Yesterday, SABMiller released the following statement:
Statement Regarding Folsom Street Fair
While Miller has supported the Folsom Street Fair for several years, we take exception to the poster the organizing committee developed this year. We understand some individuals may find the imagery offensive and we have asked the organizers to remove our logo from the poster effective immediately.
Not good enough, sayeth the Catholic League, calling Miller’s press release a “lame statement of regret.” Then they kicked things into high gear. “We feel confident that once our religious allies kick in, and once the public sees the photos of an event Miller is proudly supporting, the Milwaukee brewery will come to its senses and pull its sponsorship altogether. If it doesn’t, the only winners will be Anheuser-Busch and Coors.” See, even Catholics aren’t aware of the craft beer movement and believe there are only three breweries in the U.S. And certainly imports were overlooked, too. Some kidding aside, this is certainly a quagmire for Miller, and this has been receiving a lot of media attention, as stories involving sex usually do in our society. There’s nothing like titillation to increase reader- and viewer-ship.

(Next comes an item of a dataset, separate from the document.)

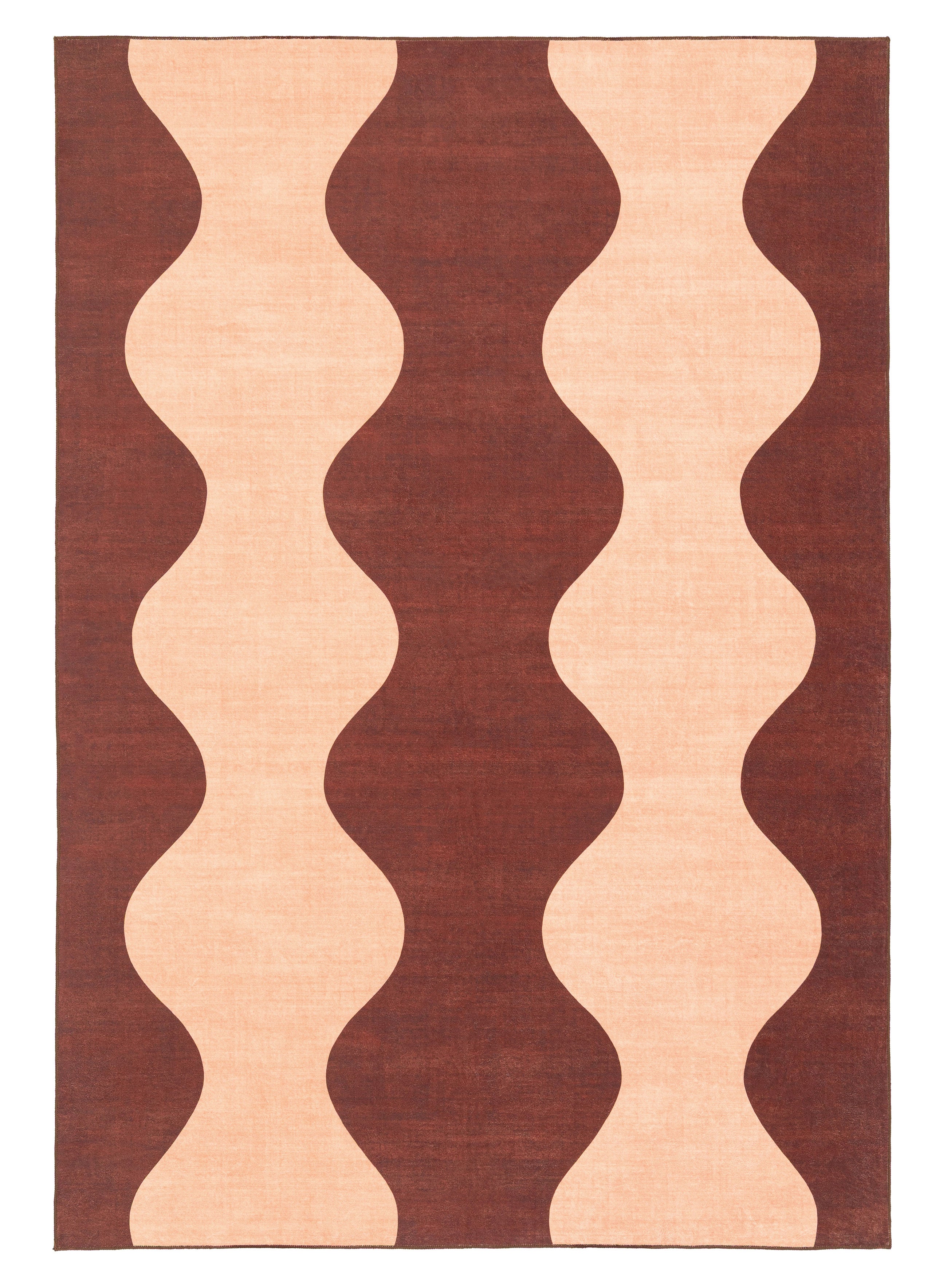 The sculptural lines and soft contrast of colour make Merida easy to style. Pair it with pared-back furniture for a modern, graphic look, or layer it into relaxed, creative interiors where its curved pattern and warm tones add personality and rhythm.

Locally, at least, not everybody agrees as one gay member of the clergy had this to say via the Bay Area Reporter.
“I disagree with them I don’t think that [Folsom Street Events] is mocking God,” said Chris Glaser, interim senior pastor at Metropolitan Community Church – San Francisco. “I think that they are just having fun with a painting of Leonardo da Vinci and having fun with the whole notion of ‘San Francisco values’ and I think it’s pretty tastefully and cleverly done.”
Glaser added, “I think that oftentimes religious people miss out on things because they don’t have a sense of humor. That’s why being a queer spiritual person we can laugh at ourselves and laugh at other people.”
Even Speaker of the House Nancy Pelosi, herself a Catholic, issed the following through her press secretary, Drew Hammill. “As a Catholic, the speaker is confident that Christianity has not been harmed.” Exactly. And while the people Fox News interviewed called it a “mockery of religion,” “blasphemy” and suggested that it’s “bad for society,” I can’t see the Catholic League’s point.
First of all, they don’t own the image of Da Vinci’s Last Supper and it’s already been parodied countless times. The event itself has been painted by numerous artists over the centuries. Honestly, I don’t see how the “religious freedom rights and the free speech rights of Catholics” have been infringed upon or how catholics have been in any way defamed. The Last Supper even as an idea is not the exclusive province of Catholicism. If they had left it alone, it would have been a minor event in a local community.
And why pick on Miller? There are dozens of other sponsors, too, including SF Environment, an environmental group, and the San Francisco Bay Guardian, a local weekly newspaper. I almost hate to wonder, might this also be a little bit because it’s beer? Many neo-prohibitionist groups are also religiously based. But really, what did Miller do wrong? They sponsored a local event that’s perfectly legal, has the support of the local community and government. They’ve been sponsoring it for years. Then suddenly the event does something that the Catholic League doesn’t like. They’re offended. So what? Miller tries to soothe the situation, obviously seeing it for the powderkeg it is and asks to have their logo taken off the offending poster, but bravely continues to sponsor the event. Good for them. Why shouldn’t they? How is that in any way the “corporate arrogance” the Catholic League accuses them of? What’s arrogant about that? If you want to talk arrogance, then we need to look at the Catholic League. Being arrogant is defined as “making claims or pretensions to superior importance or rights,” which is exactly what they’re doing by asserting that their “right” to not have their religion criticized or challenged — if indeed that’s really what’s being done, which I seriously doubt — is above the free speech rights of the criticism or challenge. I doubt many in the Catholic League have read Richard Dawkin’s The God Delusion, but one of the book’s soundest arguments is that religion has become the only idea, concept, belief, whatever that can’t be criticized. That we’re taught we must respect one another’s beliefs and not question them. Why? Why is every single other idea in the world able be talked about critically but not religion? It just doesn’t make sense to me. Obviously, the Catholic League believes that or they wouldn’t be misreading this so badly. It seems obvious to me that the Folsom Street Fair poster isn’t attacking or criticizing religion and certainly isn’t targeting the Catholic religion. It’s obviously parody, which is protected speech under the First Amendment of our Constitution. Even the Supreme Court has said so, thanks to an unlikely person, Larry Flynt, publisher of Hustler, whose story is chronicled in the film The People vs. Larry Flynt.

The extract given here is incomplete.